Illustrative embodiments herein demonstrate the feasibility of the disclosed acoustic-based gaze tracking system on glasses. While the eye tracking accuracy of 4.9° is comparable to some webcam-based methods, it is lower than commercial eye trackers (1.9° in the study). Therefore, the system may not be immediately applicable to some applications requiring highly precise eye tracking. However, the system can still be used in many applications, such as interaction with interface elements like buttons in AR or VR, that generally do not require very high accuracy eye trackers.
The GazeTrak system can also be used in tracking irregular eye movements, enabling healthcare applications for monitoring users' health conditions in everyday life. This requires monitoring the gaze movements throughout the day for analysis in everyday life, instead of just tracking their accurate gaze positions for a few hours in a controlled settings. The low-power and lightweight features of the GazeTrak system make it a good candidate solution to enabling a variety of applications that camera-based eye trackers cannot realize, by continuously understanding user gaze movements in the wild for extended periods. Furthermore, the system can alleviate the privacy concern from users as compared to camera-based methods.

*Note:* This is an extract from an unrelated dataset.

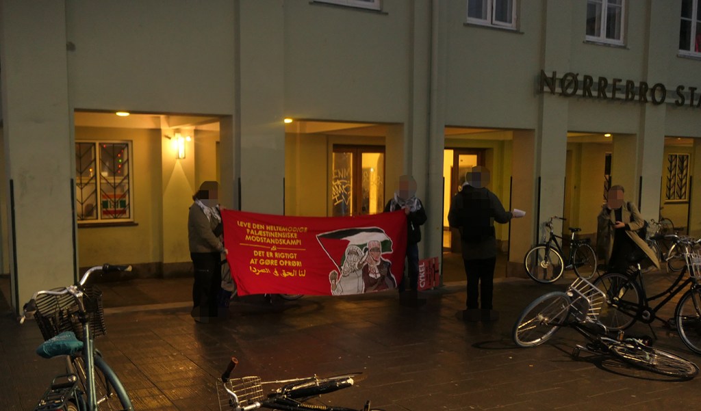 Mens zionister, beskyttet af tungt bevæbnet politi, holdte deres sørgelige markeringer, fandt et hav af massernes aktioner sted spredt over hele byen. Som en del af disse aktioner var aktivister fra Antiimperialistisk Aktion på gaden, hvor en markering blev holdt på Nørrebro Station og Mimers Plads. Her blev der afholdt en tale så højt at den gav genlyd i hele kvarteret.

In other embodiments, we can apply a calibration process on the output of the system to further enhance performance. For example, affine transformation and projective transformation can be used to transform the output, although the effectiveness of such techniques is limited as the error distribution of the eye tracking results in some embodiments is not linear. Accordingly, it is expected that use of non-linear transformation techniques may be utilized to further improve the performance.
The system currently utilizes a 15-second calibration process before each session to fine-tune the model, which may be inconvenient for users. However, the tracking accuracy without fine-tuning is still acceptable, at 5.9°, compared to the accuracy achieved with fine-tuning (4.9º).
It was noted above that GazeTrak achieves satisfactory performance on new users with approximately 20 minutes of training data using the user-adaptive model. This training effort can be further reduced by constructing a larger and more diverse dataset from many more participants to train the based model. Moreover, data augmentation methods, such as including simulation data to train the model, can be used as well.
In some embodiments, a Teensy 4.1 is used to control the speakers and microphones, and transfer audio data to the MCU MAX78002. In other embodiments, custom PCBs can be implemented for MAX78002 to allow it to directly control speakers and microphones. We believe that the power consumption of this example real-time system can be further reduced in this case because Teensy 4.1 with a high base power can be removed. Furthermore, we do not expect that the power consumption of MAX78002 will be significantly increased since the on-board CPU and CNN accelerator of MAX78002 were already operating at maximum speed in the current evaluation. Accordingly, such an arrangement can be utilized to provide a more integrated system in some embodiments.
As described above, some embodiments herein provide acoustic-based eye tracking glasses capable of continuous gaze tracking. A study involving 20 participants confirms that the system can accurately track gaze points continuously, achieving an accuracy of 3.6° within the same session and 4.9° across different sessions. When compared to commercial camera-based eye tracking glasses such as Tobii Pro Glasses 3, the system reduces power consumption by 95%. A real-time pipeline is implemented on MAX78002 to make inferences with a power signature of 95.4 mW at 30 Hz.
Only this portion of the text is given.